Hearing devices are wearable hearing apparatuses which are used to assist the hard-of-hearing. In order to accommodate numerous individual requirements, various types of hearing devices are available such as behind-the-ear hearing device (BTEs), hearing device with an external receiver (RIC: receiver in the canal) and in-the-ear hearing devices (ITE), for example also concha hearing devices or completely-in-the-canal hearing devices (ITE, CIC). The hearing devices listed as examples are worn on the outer ear or in the auditory canal. Bone conduction hearing aids, implantable or vibrotactile hearing aids are also available on the market. In these devices damaged hearing is stimulated either mechanically or electrically.
The key components of hearing devices are principally an input converter, an amplifier and an output converter. The input converter is normally a receiving transducer e.g. a microphone and/or an electromagnetic receiver, e.g. an induction coil. The output converter is most frequently realized as an electroacoustic converter e.g. a miniature loudspeaker, or as an electromechanical converter e.g. a bone conduction hearing aid. The amplifier is usually integrated into a signal processing unit. This basic configuration is illustrated in FIG. 1 using the example of a behind-the-ear hearing device. One or a plurality of microphones 2 for recording ambient sound are built into a hearing device housing 1 to be worn behind the ear. A signal processing unit 3 which is also integrated into the hearing device housing 1 processes and amplifies the microphone signals. The output signal for the signal processing unit 3 is transmitted to a loudspeaker or receiver 4, which outputs an acoustic signal. Sound is transmitted through a sound tube, which is affixed in the auditory canal by means of an otoplastic, to the device wearer's eardrum. Power for the hearing device and in particular for the signal processing unit 3 is supplied by means of a battery 5 which is also integrated in the hearing device housing 1.

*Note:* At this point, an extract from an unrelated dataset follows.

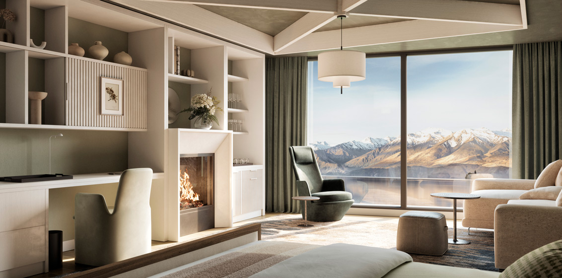 The collection of 15 suites ranges from the intimate 50m² Junior Suite to the extravagant 550m² ROKI Suite. Every suite offers stunning panoramic views over the mountains and Lake Wakatipu, fireplaces, private bath tubs, and walk-in wardrobes.

Hearing devices are very sensitive devices which may however be subject to relatively aggressive environments. It is not only the high air humidity which has to be considered here but also the sweat produced by a hearing device wearer and more aggressive gases and vapors to which the hearing device wearer is exposed at times. Aggressive environmental conditions of this type frequently result in electrical components of the hearing device corroding. Corresponding farms and coatings of hearing device housings were therefore previously proposed in order to prevent aggressive substances from penetrating the hearing device housing.
The publication DE 199 03 090 A1 discloses a waterproof hearing aid. It includes a housing with a battery compartment as well as a sound outlet opening. The battery compartment is sealed from the remaining housing in a waterproof fashion. The sound outlet opening is sealed by an acoustically permeable, waterproof film.
The publication DE 195 02 994 C2 discloses a similarly waterproof hearing aid, which includes a housing with a ventilation opening. A waterproofing facility blocks the ventilation opening and is used to allow air to enter but to prevent the penetration of humidity.